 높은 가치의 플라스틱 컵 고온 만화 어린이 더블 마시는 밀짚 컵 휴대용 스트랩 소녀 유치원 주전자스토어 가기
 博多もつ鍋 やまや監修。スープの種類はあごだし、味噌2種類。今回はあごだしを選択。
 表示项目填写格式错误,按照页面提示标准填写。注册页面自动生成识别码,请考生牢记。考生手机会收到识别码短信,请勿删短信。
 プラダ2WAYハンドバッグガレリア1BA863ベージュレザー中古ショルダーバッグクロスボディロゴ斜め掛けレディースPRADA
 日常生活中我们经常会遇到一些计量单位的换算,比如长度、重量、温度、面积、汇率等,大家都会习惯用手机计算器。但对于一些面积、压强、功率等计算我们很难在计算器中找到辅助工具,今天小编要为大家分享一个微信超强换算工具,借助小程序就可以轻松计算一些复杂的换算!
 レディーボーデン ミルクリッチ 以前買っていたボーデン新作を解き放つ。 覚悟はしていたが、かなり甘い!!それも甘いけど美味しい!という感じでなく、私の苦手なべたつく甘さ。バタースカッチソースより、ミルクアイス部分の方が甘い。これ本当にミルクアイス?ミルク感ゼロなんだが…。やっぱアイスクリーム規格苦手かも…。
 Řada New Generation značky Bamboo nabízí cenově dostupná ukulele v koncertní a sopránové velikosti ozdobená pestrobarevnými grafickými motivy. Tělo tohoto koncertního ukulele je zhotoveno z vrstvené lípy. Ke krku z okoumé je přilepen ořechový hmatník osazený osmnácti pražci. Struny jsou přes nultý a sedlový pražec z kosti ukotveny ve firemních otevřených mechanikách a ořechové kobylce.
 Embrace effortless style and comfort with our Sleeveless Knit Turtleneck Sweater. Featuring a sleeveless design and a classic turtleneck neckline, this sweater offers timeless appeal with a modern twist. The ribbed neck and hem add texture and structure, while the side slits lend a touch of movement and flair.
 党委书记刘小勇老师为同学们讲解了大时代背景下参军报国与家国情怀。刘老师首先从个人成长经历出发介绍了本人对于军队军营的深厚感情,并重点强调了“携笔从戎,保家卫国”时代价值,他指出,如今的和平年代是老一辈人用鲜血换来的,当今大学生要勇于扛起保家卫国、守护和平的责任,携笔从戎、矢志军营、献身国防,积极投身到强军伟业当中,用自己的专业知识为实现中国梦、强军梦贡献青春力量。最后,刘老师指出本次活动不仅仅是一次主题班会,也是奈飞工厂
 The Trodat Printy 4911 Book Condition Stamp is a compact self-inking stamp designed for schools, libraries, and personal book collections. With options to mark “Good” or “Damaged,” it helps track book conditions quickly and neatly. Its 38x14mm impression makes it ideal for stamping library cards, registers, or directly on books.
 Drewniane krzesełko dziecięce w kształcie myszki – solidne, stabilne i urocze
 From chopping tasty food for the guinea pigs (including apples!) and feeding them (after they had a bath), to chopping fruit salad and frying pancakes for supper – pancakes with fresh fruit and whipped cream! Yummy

※ ※ ※

When you reach the line that contains "Řada New Generation", stop; that line and every line before it, from the very first line of the data, should be restated word for word.

 높은 가치의 플라스틱 컵 고온 만화 어린이 더블 마시는 밀짚 컵 휴대용 스트랩 소녀 유치원 주전자스토어 가기
 博多もつ鍋 やまや監修。スープの種類はあごだし、味噌2種類。今回はあごだしを選択。
 表示项目填写格式错误,按照页面提示标准填写。注册页面自动生成识别码,请考生牢记。考生手机会收到识别码短信,请勿删短信。
 プラダ2WAYハンドバッグガレリア1BA863ベージュレザー中古ショルダーバッグクロスボディロゴ斜め掛けレディースPRADA
 日常生活中我们经常会遇到一些计量单位的换算,比如长度、重量、温度、面积、汇率等,大家都会习惯用手机计算器。但对于一些面积、压强、功率等计算我们很难在计算器中找到辅助工具,今天小编要为大家分享一个微信超强换算工具,借助小程序就可以轻松计算一些复杂的换算!
 レディーボーデン ミルクリッチ 以前買っていたボーデン新作を解き放つ。 覚悟はしていたが、かなり甘い!!それも甘いけど美味しい!という感じでなく、私の苦手なべたつく甘さ。バタースカッチソースより、ミルクアイス部分の方が甘い。これ本当にミルクアイス?ミルク感ゼロなんだが…。やっぱアイスクリーム規格苦手かも…。
 Řada New Generation značky Bamboo nabízí cenově dostupná ukulele v koncertní a sopránové velikosti ozdobená pestrobarevnými grafickými motivy. Tělo tohoto koncertního ukulele je zhotoveno z vrstvené lípy. Ke krku z okoumé je přilepen ořechový hmatník osazený osmnácti pražci. Struny jsou přes nultý a sedlový pražec z kosti ukotveny ve firemních otevřených mechanikách a ořechové kobylce.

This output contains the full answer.